Return of the Funky Man is the second studio album by American hip hop recording artist Lord Finesse of Diggin' in the Crates Crew. It was released on February 11, 1992 via Warner Bros. subsidiary label Giant Records. Production was handled by seven record producers, including Diamond D, Showbiz, DJ Aladdin, SLJ, Latif, Petawane, and Lord Finesse himself. It also features guest appearances provided by A.G., Percee P, Harry-O and Shelrumble. The album peaked at number 95 on the US Billboard Top R&B/Hip-Hop Albums, and its self-titled single made it to number 13 on the Hot Rap Songs.

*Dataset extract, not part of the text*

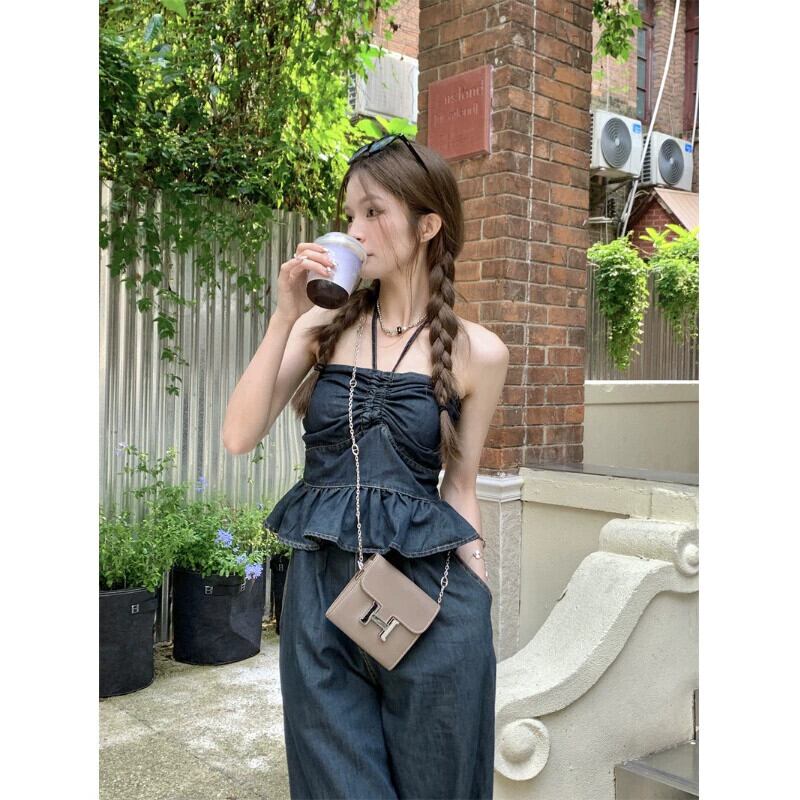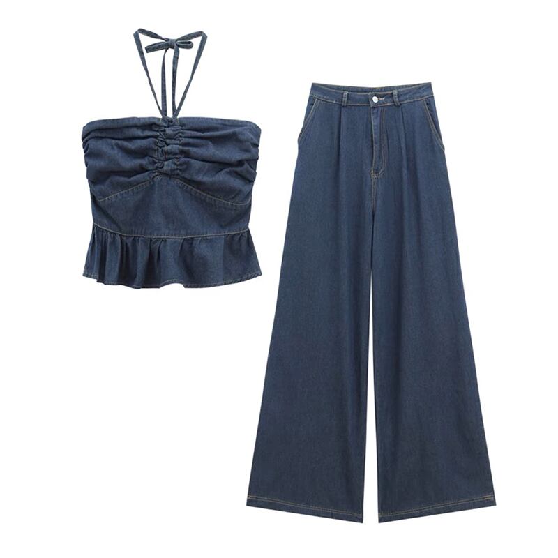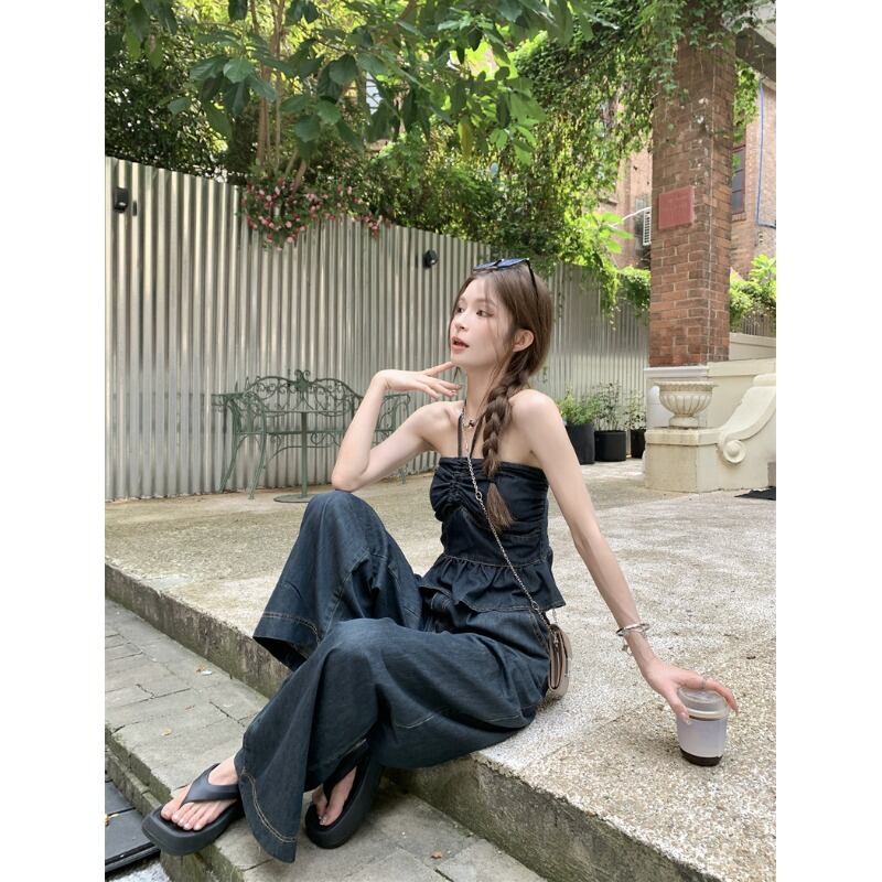 クールでスパイシーなデニムスーツの女性の夏 2023 新しいスタイルのホルターネックチューブトップトップルーズワイドレッグパンツツーピーストレンディなセット サマー 夏物 ワイドパンツ 0921977880103822

In 1991, Finesse split from his former partner DJ Mike Smooth and his former record label, Wild Pitch Records to release his first solo effort. Return of the Funky Man, which featured production from Finesse's partners Diamond D & Showbiz, and former Ice-T producers DJ Aladdin & SLJ. Finesse also produced his first beats on this album and would go on to become one of hip-hop's legendary producers. Finesse was signed to this Warner Bros. Records subsidiary because of Ice-T, who enjoyed a very positive relationship with the label, even through the controversy surrounding "Cop Killer", the notorious song by his heavy metal band Body Count. This album was the first cover shot by Danny Clinch.

Track listing

Album singles

Album chart positions

Singles chart positions

References

External links

Lord Finesse albums
1992 albums
Giant Records (Warner) albums
Albums produced by Diamond D
Albums produced by DJ Aladdin
Albums produced by Lord Finesse
Albums produced by Showbiz (producer)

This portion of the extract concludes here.